TASK INSTRUCTIONS:
Up to and including the line with "A unique delivery", write out the listing from its first line, minus the pictures.
========
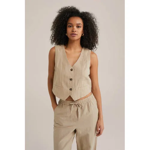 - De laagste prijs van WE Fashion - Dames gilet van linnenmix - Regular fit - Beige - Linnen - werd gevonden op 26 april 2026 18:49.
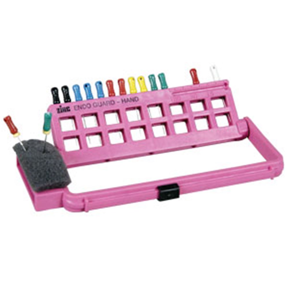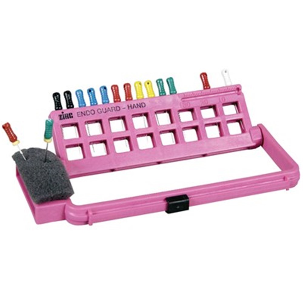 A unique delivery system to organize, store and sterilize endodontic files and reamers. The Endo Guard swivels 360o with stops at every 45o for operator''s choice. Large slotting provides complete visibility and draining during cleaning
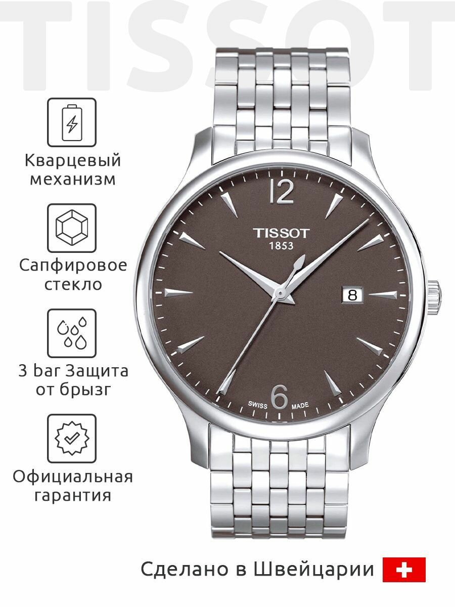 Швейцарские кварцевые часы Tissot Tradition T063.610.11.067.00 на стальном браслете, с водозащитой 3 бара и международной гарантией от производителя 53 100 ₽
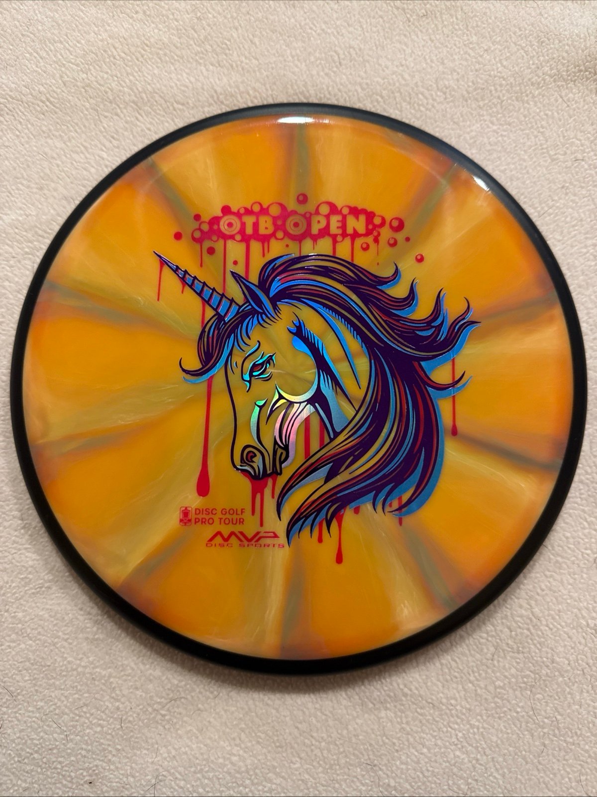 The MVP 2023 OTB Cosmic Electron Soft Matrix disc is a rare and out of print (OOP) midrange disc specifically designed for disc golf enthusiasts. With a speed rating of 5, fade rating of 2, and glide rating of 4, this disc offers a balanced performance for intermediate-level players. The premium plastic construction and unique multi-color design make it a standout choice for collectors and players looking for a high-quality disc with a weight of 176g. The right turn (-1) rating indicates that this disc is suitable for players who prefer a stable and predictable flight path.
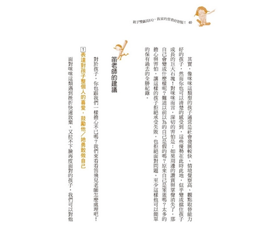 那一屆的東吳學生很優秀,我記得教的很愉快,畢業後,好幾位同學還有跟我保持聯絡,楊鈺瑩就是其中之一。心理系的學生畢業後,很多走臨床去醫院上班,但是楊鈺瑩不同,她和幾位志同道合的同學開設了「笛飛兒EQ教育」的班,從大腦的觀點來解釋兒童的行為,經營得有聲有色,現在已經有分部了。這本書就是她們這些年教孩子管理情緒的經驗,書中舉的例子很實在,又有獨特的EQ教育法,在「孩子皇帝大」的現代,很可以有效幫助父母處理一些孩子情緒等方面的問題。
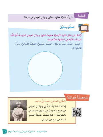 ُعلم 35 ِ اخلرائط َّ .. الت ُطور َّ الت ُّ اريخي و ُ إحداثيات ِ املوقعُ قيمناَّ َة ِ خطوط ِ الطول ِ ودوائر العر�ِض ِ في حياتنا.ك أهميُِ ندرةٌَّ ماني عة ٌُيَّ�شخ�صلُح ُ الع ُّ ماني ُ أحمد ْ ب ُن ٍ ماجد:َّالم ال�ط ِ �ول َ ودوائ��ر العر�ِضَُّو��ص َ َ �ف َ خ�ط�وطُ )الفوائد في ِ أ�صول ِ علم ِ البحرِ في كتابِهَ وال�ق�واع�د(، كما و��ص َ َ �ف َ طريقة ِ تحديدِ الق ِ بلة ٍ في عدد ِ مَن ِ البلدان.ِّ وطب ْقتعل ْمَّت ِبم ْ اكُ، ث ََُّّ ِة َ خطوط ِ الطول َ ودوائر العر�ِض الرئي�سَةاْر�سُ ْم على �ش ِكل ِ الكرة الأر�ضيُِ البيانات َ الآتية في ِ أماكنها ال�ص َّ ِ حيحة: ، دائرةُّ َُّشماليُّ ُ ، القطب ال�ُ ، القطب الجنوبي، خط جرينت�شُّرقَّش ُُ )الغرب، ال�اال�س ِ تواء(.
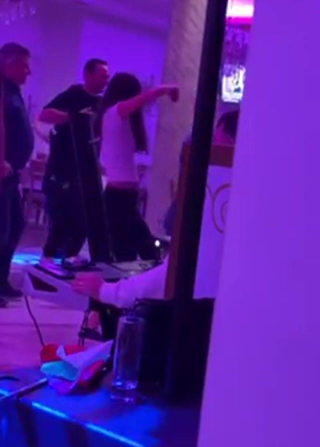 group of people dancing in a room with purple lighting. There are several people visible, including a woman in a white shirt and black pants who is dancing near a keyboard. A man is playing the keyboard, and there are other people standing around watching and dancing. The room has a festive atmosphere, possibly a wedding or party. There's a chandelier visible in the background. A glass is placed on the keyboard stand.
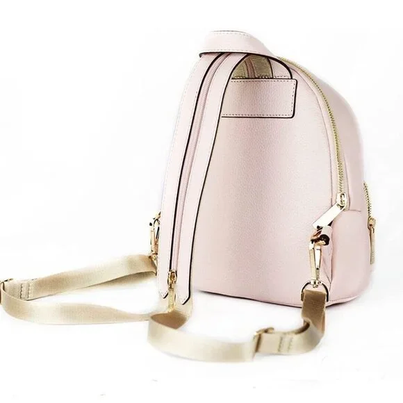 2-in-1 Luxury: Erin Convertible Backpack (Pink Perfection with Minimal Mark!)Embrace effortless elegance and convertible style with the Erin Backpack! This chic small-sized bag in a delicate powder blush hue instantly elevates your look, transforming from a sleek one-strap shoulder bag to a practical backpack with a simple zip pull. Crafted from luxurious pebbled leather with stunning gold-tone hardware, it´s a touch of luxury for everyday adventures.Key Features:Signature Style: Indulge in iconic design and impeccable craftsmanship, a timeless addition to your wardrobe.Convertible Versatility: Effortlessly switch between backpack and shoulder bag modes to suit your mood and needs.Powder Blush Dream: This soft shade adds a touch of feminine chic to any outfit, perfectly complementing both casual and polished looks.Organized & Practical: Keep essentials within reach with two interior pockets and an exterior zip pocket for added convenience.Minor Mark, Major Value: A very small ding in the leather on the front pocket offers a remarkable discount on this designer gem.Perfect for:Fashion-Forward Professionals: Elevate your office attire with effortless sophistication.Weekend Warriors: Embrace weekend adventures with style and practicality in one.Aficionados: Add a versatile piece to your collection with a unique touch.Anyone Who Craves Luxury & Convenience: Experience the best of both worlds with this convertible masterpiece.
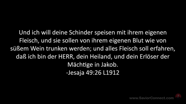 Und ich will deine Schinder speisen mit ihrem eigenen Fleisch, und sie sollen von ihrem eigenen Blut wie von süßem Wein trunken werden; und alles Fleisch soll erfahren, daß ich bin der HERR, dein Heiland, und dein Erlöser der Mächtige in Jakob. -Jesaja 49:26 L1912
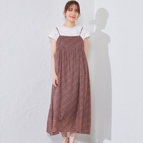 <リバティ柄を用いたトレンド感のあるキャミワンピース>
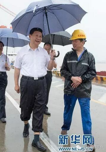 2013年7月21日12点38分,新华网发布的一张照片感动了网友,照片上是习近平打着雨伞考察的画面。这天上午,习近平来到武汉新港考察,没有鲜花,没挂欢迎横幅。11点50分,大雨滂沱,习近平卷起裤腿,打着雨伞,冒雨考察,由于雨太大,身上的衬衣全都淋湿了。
========
OUTPUT FOR THIS EXERCISE:
 - De laagste prijs van WE Fashion - Dames gilet van linnenmix - Regular fit - Beige - Linnen - werd gevonden op 26 april 2026 18:49.
 A unique delivery system to organize, store and sterilize endodontic files and reamers. The Endo Guard swivels 360o with stops at every 45o for operator''s choice. Large slotting provides complete visibility and draining during cleaning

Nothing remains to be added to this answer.